認知症の人は説得できない。。。
認知症の人を「説得する」ことはできない。
「介護を苦にして」という事件があると、世間の多くの人は次のように疑問に思うことだろう。
1.どうして一人で抱え込んでしまったのだろう?
2.どうして誰かに相談して助けを求めなかったのだろう?
3.介護保険制度があるのに、なぜ利用しなかったのだろう?
「一人で全責任を負い、一人でガマンし、一人で悩む」のでなく、「周囲の人々と協力して」だったら、そこまで追い込まれはしない。
家族の人数が少ないことが「一人で抱え込む」理由だと思う。
しかし、家族がいないなら他人に頼ればいい。周囲の人の協力がなくても、お金さえ出せば介護を手伝ってもらえる。
ここで問題となるのは「認知症の本人が嫌がる」ことだ。
訪問介護を依頼しようとすると「他人が家に来るのは嫌だ」とか「知らない人が家にいると気をつかうし、不安」とか言う。
では、デイサービス(通所介護)ならいいかというと、「知らない人ばかりの所には行きたくない」「一人では不安」と断られる。
老人は保守的で「新しいこと、変化」を嫌うものだし、認知症の人は特に不安感が強いからだろう。
その不安感がある限り、説得はできない。
「施設に行ってくれないと、家族が仕事に行けなくて困る」という事情を説明して、いくら頼んでも断られる。理解してはくれない。
だが、認知症の人には論理的思考は難しい。「嫌なことは、嫌」だけで、終わりだ。どれだけ時間をかけても説得はできない。
理論が通じないのなら感情、「親子の情」があるだろうと、情に訴えてもムダ。泣き落としもできない。
「認知症の不安感>親子の情」だと思い知らされる。
説得するのに時間と労力をかけて、その都度イライラするのではなく、「説得はできない」とした上で他の方法を考えるのがいい。

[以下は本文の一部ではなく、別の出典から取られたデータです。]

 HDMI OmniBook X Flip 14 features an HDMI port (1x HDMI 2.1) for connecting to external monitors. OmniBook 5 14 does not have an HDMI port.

「本人が嫌がるから、介護保険制度は利用しないで全て自分一人が世話をすればいい」という選択は絶対に避けるべきだ。
本人か家族か、二者択一となったら「家族」が優先だと思う。
うちのおばあちゃん(85歳、胃ろうで寝たきり)も高齢者住宅(サ高住)に「絶対に行かない」と言って困らせてくれたものだ。
入居日前日まで嫌がっていたが、当日は本人の女学校時代からの友人に来てもらって、一緒に車に乗ってもらった。
昔話をしているうちに新居に着いて、何事もなく入居となった。
古い友人は夕方には帰り、家族も夕食後には帰ったが、本人は「家に帰る」と言い出すこともなく、ぐっすりよく眠れたらしい。
久しぶりに家族や友人が集まり、しゃべり疲れたからかもしれない。
デイサービスでも同じようにできる。一人で知らない人ばかりの所に行くことが不安だから、それで「絶対に嫌だ」となる。
誰か親しい人が一緒に行ってくれたら、本人の不安が軽減されて、「新しいこと」でもスタートできるだろう。
初回だけ一緒に行ってくれたらいい。初日の途中で帰ってもいい。
一回行けばそこはもう「知らない所」ではないし、「知らない人ばかり」ではなくなるから、次回からは不安はない。
どうすれば不安が解消されるか、そこに鍵があると思う。